Период правления Александра I очень точно укладывается в хронологические рамки первой четверти XIX в. (12 марта 1801 г. – 19 ноября 1825 г.). Это было время, когда были подняты ключевые проблемы социально – экономического и политического будущего страны, а Россия оказалась втянутой в жизнь Европы на правах деятельного партнера.
Александр I располагал достаточно радикальными и хорошо подготовленными проектами государственного переустройства. Их реализация открыла бы дорогу для дальнейшей трансформации власти и демократизации государственного управления. Казалось бы, разгромив Наполеона, Александр I мог начать движение к правовому государству. Однако, император не решился на проведение кардинальных реформ. Он готов был предоставить конституцию Финляндии, Польше, выступать в Варшаве с либеральными речами, но в самой России даже само слово «конституция» продолжало оставаться под запретом. Может быть, причина отчасти заключалась в том, что «Павел, Александр и Николай I владели, а не правили Россией, проводили в ней свой династический, а не государственный интерес, упражняли на ней свою волю, не желая и не умея понять нужд народа, истощили в свои видах его силы и средства, не обновляя и не направляя их к целям народного блага»[1].
Начнем с того, что и сам будущий император Александр I оказался втянутым в заговор против своего отца (степень втянутости отдельная тема в историографии), в результате которого Павел I был убит в им же заложенном Михайловском замке. Таким образом, само царствование началось с тягчайшего преступления, которое будет сопровождать Александра I до конца его жизни. По-видимому, именно здесь кроются психологические истоки идеи построения «истинно просвещенной монархии», опирающейся на прочный фундамент законов.
Александр I понимал всю сложность проблемы. 5 июня 1801 г. он образовал «Комиссию о составлении законов». Возглавил ее граф Завадовский. В рескрипте, данном ему императором, в частности, есть и такие слова: «…Я всегда знал, что с самого издания уложения до дней наших, т. е. в течение почти одного века с половиною, законы истекая от законодательной власти различными и часто противоположными путями и быв издаваемыми более по случаям, нежели по общим государственным соображениям, не могли иметь ни связи между собою, ни единства в их намерениях, ни постоянности в их действии.

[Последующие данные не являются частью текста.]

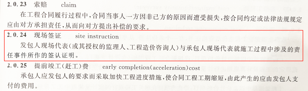 依據(jù)《建設(shè)工程工程量清單計(jì)價(jià)規(guī)范》(GB50500-2013)第2.0.24條對(duì)現(xiàn)場(chǎng)簽證的定義:“發(fā)包人現(xiàn)場(chǎng)代表與承包人現(xiàn)場(chǎng)代表就施工過程中涉及的責(zé)任事件所作的簽認(rèn)證明。”
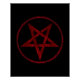 Pentagrama vermelho, invertido, texturizado em círculo, sobre fundo preto. Símbolo oculto. 666
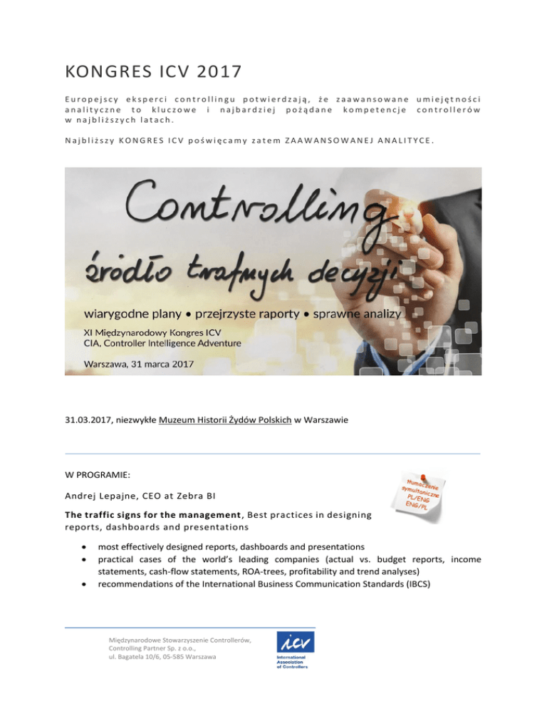 KONGRES ICV 2017 Europejscy eksperci controllingu potwierdzają, że zaawansowane umiejęt ności analityczne to kluczowe i najbardziej pożądane kompetencje controllerów w najbliższych latach. Najbliższy KONGRES ICV poświęcamy zatem ZAAWANSOWANEJ ANALITYCE . 31.03.2017, niezwykłe Muzeum Historii Żydów Polskich w Warszawie W PROGRAMIE: Andrej Lepajne, CEO at Zebra BI The traffic signs for the management , Best practices in designing reports, dashboards and presentations most effectively designed reports, dashboards and presentations practical cases of the world’s leading companies (actual vs. budget reports, income statements, cash-flow statements, ROA-trees, profitability and trend analyses) recommendations of the International Business Communication Standards (IBCS) Międzynarodowe Stowarzyszenie Controllerów, Controlling Partner Sp. z o.o., ul. Bagatela 10/6, 05-585 Warszawa Valentin Usenkov, member of ICV Int. WG The longest 40 centimeters… Who is the final beneficiary of controlling? Decision making: Knowledge vs. Intuition How many meanings could one number have? What virus does controlling need to bring into business? Siegfried Gänßlen, Chairman of the Board of the ICV Why Controller Becomes More and More Important to Management Board? Circumstances to become Important Controller for Management Board Value of business analytics for the Management Board decisions: How to rely on controller competences? How to become reliable in Management Board eyes? Enthusiasm and ability to inspire others as the most important features for good relations between Controller and Management Board. Eryk Wtorkowski, Dyrektor ds. Rozwoju, LUG Light Factory, Dr. Herwig Friedag, założyciel i szef ICV International WG, ICV helps in Controlling of LUG Light Factory dr Walter Schmidt, founder of ICV Expert WG Start-ups and Controlling Controlling for start-ups – conclusions from the workshop*: How to come from an idea to a business Leading with goals You need two rules: Be simple and consequent Success has two letters: DO *W dniu poprzedzającym Kongres, 30.03.2017, odbywają się zamknięte warsztaty z controllingu dla startupów prowadzone przez dr Waltera Schmidta. Podsumowanie i wnioski będą zaprezentowane podczas Kongresu. Panel dyskusyjny ekspertów: Controllera bieg przez skróty wyjaśnienie używanych skrótów oraz definicje najczęściej stosowanych narzędzi IT w przedsiębiorstwie które narzędzia są kluczowe dla Controllingu na co zwracać uwagę przy wyborze Międzynarodowe Stowarzyszenie Controllerów, Controlling Partner Sp. z o.o., ul. Bagatela 10/6, 05-585 Warszawa czego nie widzi użytkownik a co jest istotne dla działania systemów co czeka Controllerów w najbliższej przyszłości Prowadzący: Piotr Biliński, członek ICV, Sygnity Business Solutions, Paweł Musiał, członek zarządu ICV Warszawa, Controlling Systems Prezentacje finalistów Controller Award ICV Poland: Marcin Maderak, Senior Controlling Manager, Capgemini Business Services Capgemini Polska sp. z o.o., Cash Cube application Mateusz Różański, Kierownik Działu Controllingu, Grupa Nomax, Automatyzacja controllingu i wsparcie budowania organizacji wiedzy dzięki BI Tableau Wioletta Nowak, Kierownik Działu Finansów / Finance Manager, HORTIMEX PLUS Sp. z o.o. Sp. K., Zmiana kalkulacji cenowej w firmie HORTIMEX OGÓLNA AGENDA KONGRESU: 10:00-17:30 Kongres ICV (tłumaczenie symultaniczne PL/ANG, ANG/PL) 17:30-19:00 Zwiedzanie niezwykłego muzeum w podziemiach (nagroda: European Museum of the Year Award 2016) 19:00-21:00 Bankiet ICV PRELEGENCI ZAGRANICZNI: Siegfried Gänßlen Chairman of the Board of the ICV. Jego kariera zawodowa od controllera do CEO w firmie Hansgrohe SE to doskonała znajomość problemów i oczekiwań obu stron. Zatem będzie okazja do dyskusji, jak zmienia się rola controllera i jak kształtować wartość controllingu w oczach zarządu; Międzynarodowe Stowarzyszenie Controllerów, Controlling Partner Sp. z o.o., ul. Bagatela 10/6, 05-585 Warszawa dr Herwig Friedag, Niemcy; Lider międzynarodowych projektów doradczych ICV Int. WG, doświadczony strateg i konsultant, prowadził wiele organizacji drogą ich sukcesu z wykorzystaniem koncepcji BSC; dr Walter Schmidt, Niemcy; Doradca Zarządu ICV w Monachium, współzałożyciel grupy tematycznej ICV „Start-ups and Controlling”, niezwykle doświadczony mentor i trener; Andrej Lepajne, Słowenia; Z sukcesem wdraża profesjonalne raportowanie oparte na standardach IBCS-A w organizacjach międzynarodowych takich jak np.: Coca Cola, Carslberg, Roche i wielu innych; prowadzi szkolenia z wizualizacji raportów wg IBCS w Europie i Stanach Zjednoczonych (m.in. dla McKinsey w NYC i dla the AFP Conference w Denver); Valentin Usenkov, Rosja; Członek międzynarodowej grupy projektowej ICV Int. WG, absolutnie twórczy i kreatywny ekspert controllingu, inspiruje właścicieli i zarządy wielu rosyjskich firm w Moskwie; Trwają ustalenia dotyczące pozostałych gości z kraju i z zagranicy. ZŁOTY PARTNER KONGRESU PARTNERZY Międzynarodowe Stowarzyszenie Controllerów, Controlling Partner Sp. z o.o., ul. Bagatela 10/6, 05-585 Warszawa KOSZT UCZESTNICTWA 950 zł netto dla członków ICV 1.900 netto dla pozostałych osób KONTAKT tel. +48 508 310 321 email [email protected] CZYTAJ WIĘCEJ ZAREJESTRUJ SIĘ Międzynarodowe Stowarzyszenie Controllerów, Controlling Partner Sp. z o.o., ul. Bagatela 10/6, 05-585 Warszawa

Отсюда всеобщее смешение прав и обязанностей каждого, мрак облежащий равно судью и подсудимого, бессилие законов в их исполнении и удобность применить их по первому движению прихоти или самовластия»[2, с.160]. Император очень точно обозначил проблему. К началу XIX в. продолжало оставаться действующим Соборное Уложение 1649 г. царя Алексея Михайловича. Полное собрание законов Российской Империи (Первое собрание) позволяет представить ту огромную массу законов, указов, упоминающихся при Павле I разного рода объявлений, распоряжений, распубликований, близких по своему характеру к законодательным актам.
В качестве примера возьмем периоды наиболее интенсивного законотворчества. Петр I – 3296 документов (ПСЗ I №1347 – 4642, в среднем 8 законов в месяц). Между смертью Петра I и воцарением Екатерины II – 6939 документов (№4643 – 11581, в среднем 21 в месяц). За 34 года правления Екатерины II – 5948 (№11582 – 17529, в среднем 29 в месяц). При Павле I – 2179 документов, в среднем около 42 в месяц (ПСЗ I №17530 – 19709). Для завершения статистического экскурса отметим, что за 24 с половиной года александровского правления появилось еще 10822 законодательных актов (около 37 в месяц). Чрезвычайная интенсивность законодательства в первую очередь говорит о беспрерывной ломке, реорганизациях, новшествах, и самое главное о копившихся противоречиях в законах, что вело к лихоимству, произволу, беззаконию, как в административных учреждениях, так и в судах.
По словам тайного советника П. Сумарокова одна внешность тогдашних судов указывала на внутренний в них беспорядок. «В городах, даже губернаторских стекла разбиты, заклеены бумагою, обрушилась кровля. В уездных (городах) они (суды) нередко помещаются в избах: там голые стены, на полу щели по четверти аршина. Наконец, в Правительствующем Сенате, первейшем зерцале, посреди столицы, простые столы самой топорной работы, бархат, сукно разорваны, замараны – господствует отвратительная нечистота. В некоторых местах нуждаются в перьях и чернилах; канцелярские служители в лохмотьях окружают приходящих, как лавочники, и призывают к себе – гремят медные деньги.. Проситель готовит подаяние, а не документы»[2, с.161].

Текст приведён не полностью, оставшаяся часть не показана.